Открыто или исподлобья, украдкой, исподтишка, урывками, она неустанно подсматривала за ним.
— Я заметила фабричное клеймо на подошвах ваших ботинок, — заговорила она наконец. — Их изготовили в Берлине? — В былые времена Лео придирчиво следил за своей внешностью. Вся его одежда отличалась отменным качеством, но и этого было ему недостаточно. Он тщательно отбирал каждую вещь, приобретая лишь настоящие произведения искусства, безупречные работы сапожников и портных. Однако после расторжения брака его охватило безразличие, былая взыскательность изрядно поубавилась. Когда в Берлине ему понадобились новые ботинки, он просто купил пару готовых, вместо того чтобы написать своему лондонскому мастеру. Подобный поступок привел бы в ужас того молодого щеголя, каким был когда-то Лео. — Что вы делали в Берлине? — спросила Брайони, подавая больному вторую чашу бульона.
— Спасибо, — поблагодарил Лео, принимая чашу из ее рук. — Я читал лекции в университете.
Брайони снова наполнила его тарелку горячим бириани.
— Каллиста писала, вы были в Мюнхене. Она уверяла, что вы собрались купить виноградник где-то в Баварии и осесть там, удалившись на покой.
— Мне было двадцать пять лет, немного рановато, чтобы мечтать об уединении и покое в старомодном местечке вроде Баварии.
— Еще Каллиста писала, что вы вскоре передумали и уехали в Америку, в Вайоминг, чтобы заняться разведением скота.
— Не такой уж невероятный план, когда речь идет о младшем сыне в семействе. Но я отправился в Принстонский университет развращать американскую молодежь в штате Нью-Джерси, на несколько тысяч миль к востоку от Вайоминга.
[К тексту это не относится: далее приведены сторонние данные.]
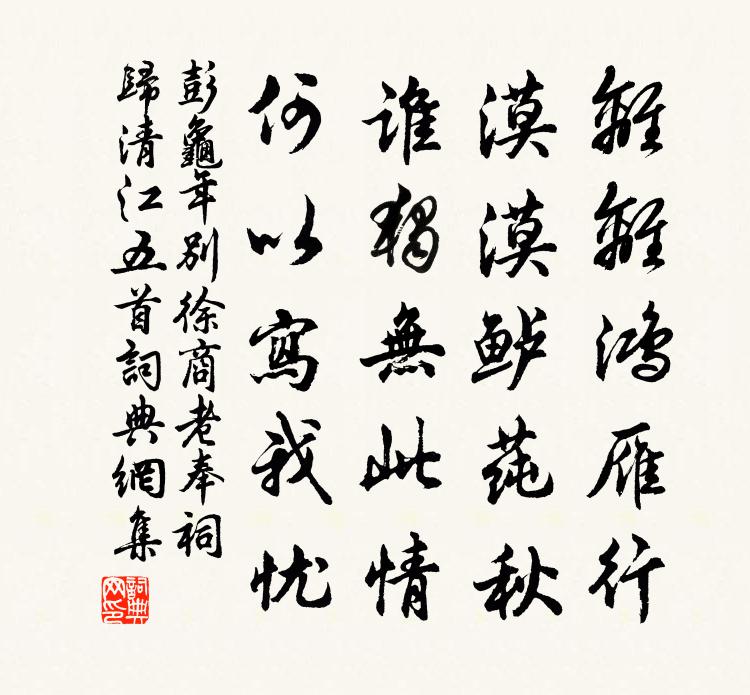 詩詞名句歷史字典書法欣賞書法字典國語詞典說文解字康熙字典古漢語字典標 題 作 者 詩 句 別徐商老奉祠歸清江五首作者:彭龜年 朝代:宋代別徐商老奉祠歸清江五首原文離離鴻雁行,漠漠鱸蓴秋。誰獨無此情,何以寫我憂。詩詞問答問:別徐商老奉祠歸清江五首的作者是誰?答:彭龜年問:別徐商老奉祠歸清江五首寫於哪個朝代?答:宋代彭龜年別徐商老奉祠歸清江五首書法欣賞別徐商老奉祠歸清江五首書法作品詩詞推薦讀史汪元量〔宋代〕餓死首陽二子,偷生商嶺四翁。劉項稱王稱霸,關張無命無功。和中道伏日次韻梅堯臣〔宋代〕伏日每苦熱,古來亡事侵。嘗聞東方朔,割肉趨庭陰。百職當早罷,將畏赫日臨。我無歸遺人,懷念空沾襟。莊居野行姚合〔唐代〕客行野田間,比屋皆閉戶。借問屋中人,盡去作商賈。官家不稅商,稅農服作苦。居人盡東西,道路侵壟畝。采玉早春十絕呈石湖陳造〔宋代〕未須看竹扣人門,且復尋梅過水村。香片點衣歸馬健,臨風只博斷吟魂。句錢世雄〔宋代〕黃泥坂西春欲回,雪堂萬木連雲栽。有懷十首劉子翬〔宋代〕松底柴門盡日關,主人西去幾時還。長鑱委地黃精老,時有寒猿嘯硯山。觀南郊回仗佚名〔唐代〕傳警千門寂,南效彩仗回。但驚龍再見,誰識日雙開。德澤施雲雨,恩光變燼灰。閱兵貔武振,聽樂鳳凰來。候刻月谷葉適〔宋代〕昔從東萊呂太史,秋夜共住明招山。正見谷中孤月出,倒影挼碎長林間。憑師記此無盡意,滿掃一方相併閒。席上有舉東坡集歸去來字詩十首醉中戲續一首宋伯仁〔宋代〕傲世欲何求,歸來已倦遊。琴詩聊自嘯,丘壑復相留。問菊時攜酒,乘風或棹舟。樂天良有以,心事老田疇。九張機佚名〔宋代〕一張機。織梭光景去如飛。蘭房夜永愁無寐。嘔嘔軋軋,織成春恨,留著待郎歸。送張瑤貶五谿尉高適〔唐代〕他日維楨幹,明時懸鏌鋣。江山遙去國,妻子獨還家。離別無嫌遠,沉浮勿強嗟。南登有詞賦,知爾吊長沙。戲洪丞鄧肅〔宋代〕萬里歸來雲水鄉,逢春得酒且彷徨。好賢誰似雙松吏,使我時終一石狂。忽與高唐來鼠目,卻令朱戶鎖梅妝。先生定風波(題續宅江樓)曾覿〔宋代〕極目秋光夕照開。潮頭初自海門來。杳杳江天橫一線。如練。疾驅千騎鼓聲催。傑檻翠飛爭徙倚。一行新雁去仍回南歌子(次東坡端午韻)楊無咎〔宋代〕小雨疏疏過,長江滾滾流。落霞殘照晚明樓。又是一番重午,身寄南州。羅綺紛香陌,魚龍漾彩舟。不堪回首鳳池立夏前王日出郊送春王邁〔宋代〕前回馬首絡青春,春我相逢皆故人。今朝出門忽失笑,春如五日之京兆。鶯痴蝶騃不知愁,惟有杜鵑啼到曉。春到太師菊凌雲屋〔宋代〕清白冠他三少貴,孤高獨占九秋寒。功成勇退東籬下,不逐春紅相牡丹。香師{肪月換肩}鈴賈似道〔宋代〕香師紅頭共{肪月換肩}鈴,只好三番兩次贏。卸卻紅鈴難保久,總然贏得也無情。贈闕下裴舍人錢起〔唐代〕二月黃鸝飛上林,春城紫禁曉陰陽。長樂鐘聲花外盡,龍池柳色雨中深。陽和不散窮途恨,霄漢長懷捧日心。獻賦三吳漫遊集唐方鳳〔宋代〕洞庭西望楚江分,回首姑蘇是白雲。今日南湖採薇蕨,何時重謁聖明君。送沖公謁六祖道場汪應辰〔宋代〕直指嶺頭路,寧論幾日回。尋春有訊息,寄我一枝梅。名句推薦莫辭酒味薄,黍地無人耕。杜甫《羌村三首·其三》 花落花開自有時,總賴東君主。嚴蕊《卜運算元·不是愛風塵》 歸夢寄吳檣。水驛江程去路長。陸游《南鄉子·歸夢寄吳檣》 喧鳥覆春洲,雜英滿芳甸。謝朓《晚登三山還望京邑》 雲開遠見漢陽城,猶是孤帆一日程。盧綸《晚次鄂州》 江水浸雲影,鴻雁欲南飛。朱熹《水調歌頭·隱括杜牧之齊山詩》 得失一朝,而榮辱千載。范曄《後漢書·列傳·荀韓鐘陳列傳》 常恐秋風早,飄零君不知。盧照鄰《曲池荷》 冉冉年時暮,迢迢天路征。陸機《梁甫吟》 愛人者必見愛也,而惡人者必見惡也。墨子《墨子·16章 兼愛(下)》

Брайони смущенно откашлялась.
— Я была в Германии, продолжала хирургическое образование в университете Бреслау [10]. И в Америке тоже. Мне удалось пройти обучение в Женском медицинском колледже в Пенсильвании.
— Да, я знаю.
После расторжения брака Лео переехал в Кембридж. Он всегда любил этот город. И с юности мечтал стать лукасианским профессором математики [11]в университете, это звание носил когда-то сам великий сэр Исаак Ньютон. Нынешний профессор занимал свой высокий пост почти пятьдесят лет. Обстоятельство весьма благоприятное для Лео, признанного гения от математики, которому давно прочили блестящее будущее преемника профессора.
Но осенью Лео был уже в Берлине, через год — в Принстоне, а еще три семестра спустя — в Индии.
Признание брака недействительным не избавило Лео от тревоги за Брайони. Он не находил себе места от беспокойства. Неужели никого не волнует, что она одна в чужой стране? Что, переезжая с места на место, все больше удаляется от дома, и если, не приведи Господь, с ней что-нибудь случится, семья окажется за тысячу миль от нее?
Неотступно думая о ней, он презирал себя за слабость, ведь Брайони нисколько не заботила его судьба. И все же, невзирая ни на что, он продолжал незримо сопровождать ее.
Каждый раз, принимая приглашение того или иного университета или научного общества, благо выбор был широк, он выбирал ту страну, куда отправилась Брайони, чтобы не пришлось пересекать океан, если вдруг понадобится прийти ей на помощь.
— Выдумали, что я в Лехе, когда согласились лететь из Гилгита на воздушном шаре? — спросила Брайони.
Лео отпил воды из кружки и кивнул. Их взгляды скрестились.
«Вы были светом моей жизни, моей луной, и, как луна владычествует над океаном, ваши капризы и причуды повелевали волнами моей души».